> Instructions for the task
Every line of the listing below should be written out exactly, minus its images.

***** Exercise data *****

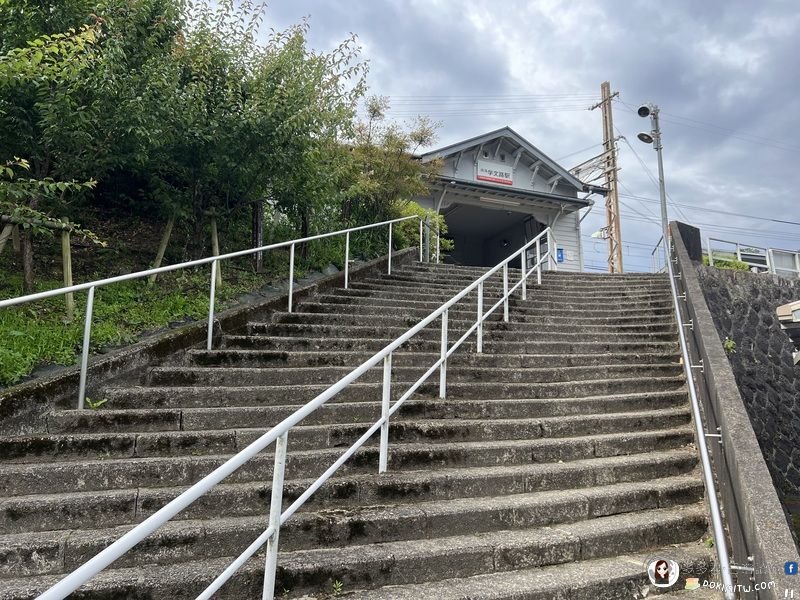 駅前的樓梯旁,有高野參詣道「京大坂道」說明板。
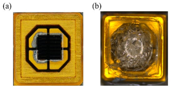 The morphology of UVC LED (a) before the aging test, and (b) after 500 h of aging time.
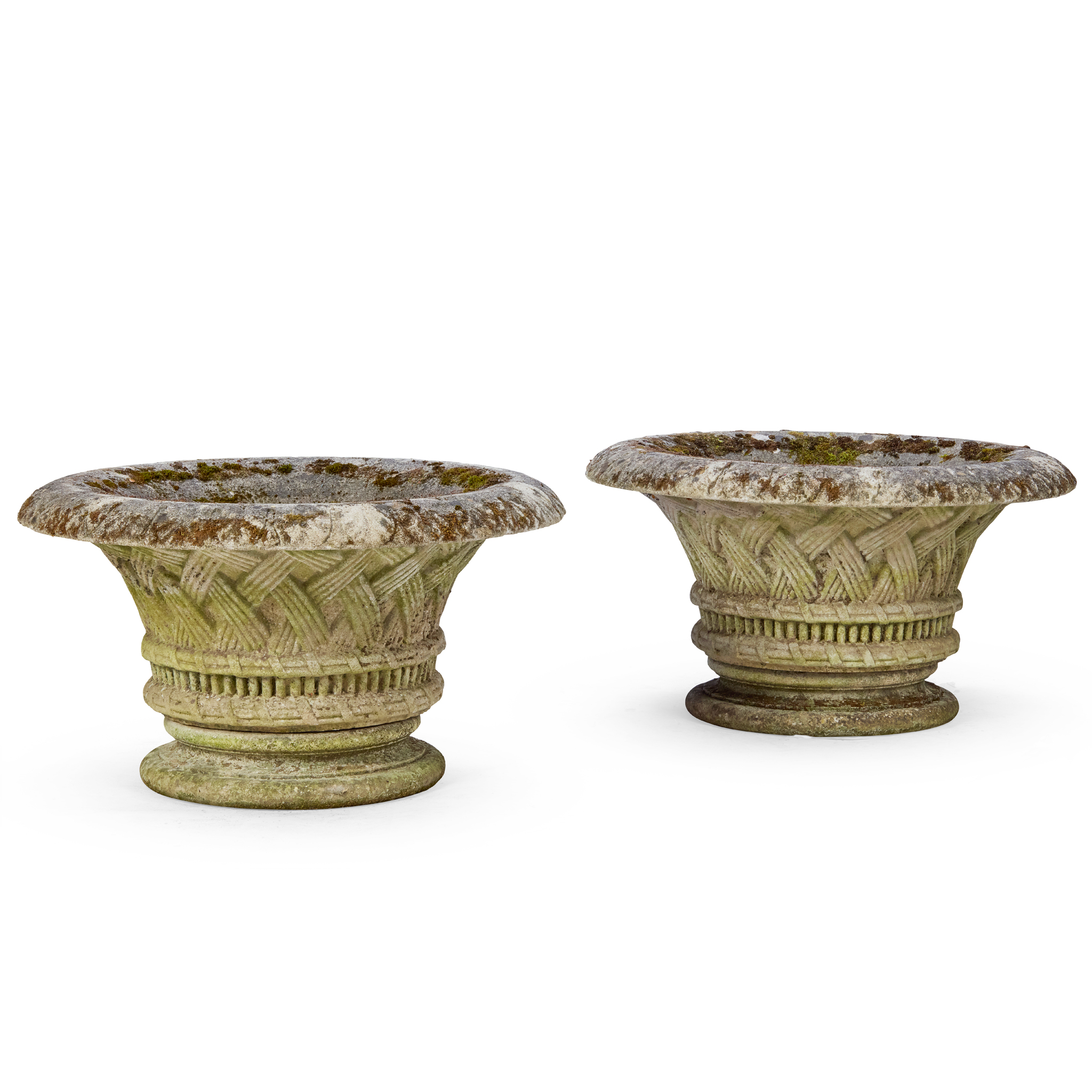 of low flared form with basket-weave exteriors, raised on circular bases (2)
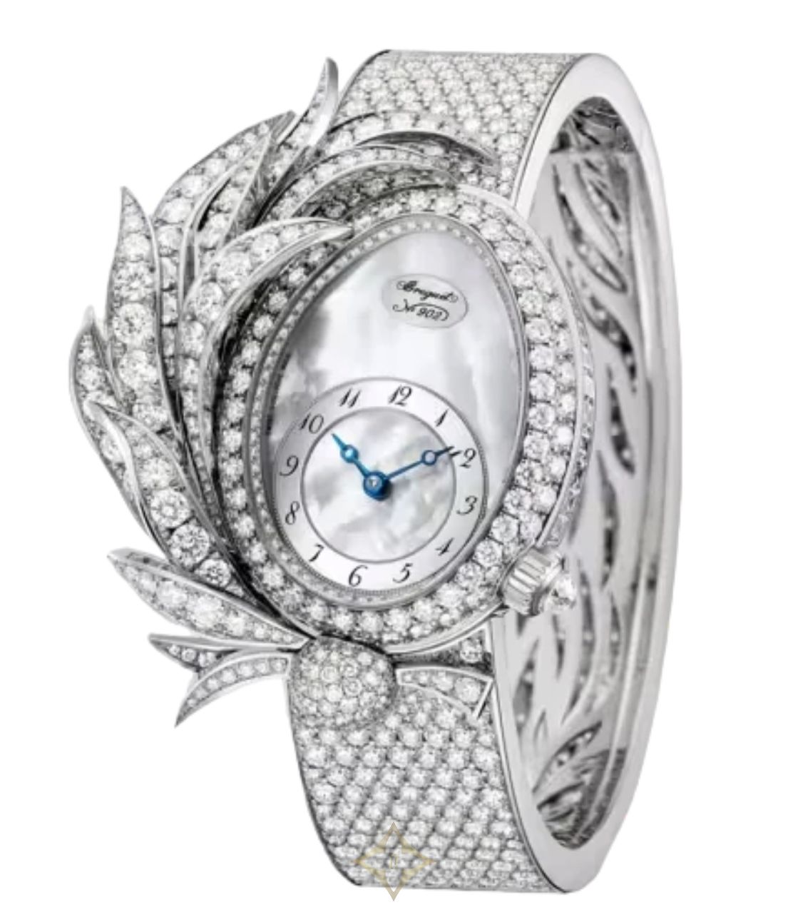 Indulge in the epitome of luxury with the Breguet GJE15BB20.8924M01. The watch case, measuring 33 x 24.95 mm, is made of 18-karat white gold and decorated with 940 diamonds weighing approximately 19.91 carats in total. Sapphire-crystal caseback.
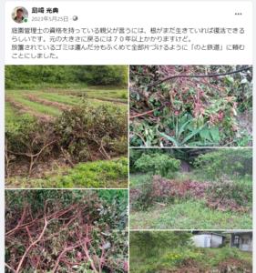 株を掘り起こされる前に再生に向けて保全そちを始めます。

*****

> Task answer
 駅前的樓梯旁,有高野參詣道「京大坂道」說明板。
 The morphology of UVC LED (a) before the aging test, and (b) after 500 h of aging time.
 of low flared form with basket-weave exteriors, raised on circular bases (2)
 Indulge in the epitome of luxury with the Breguet GJE15BB20.8924M01. The watch case, measuring 33 x 24.95 mm, is made of 18-karat white gold and decorated with 940 diamonds weighing approximately 19.91 carats in total. Sapphire-crystal caseback.
 株を掘り起こされる前に再生に向けて保全そちを始めます。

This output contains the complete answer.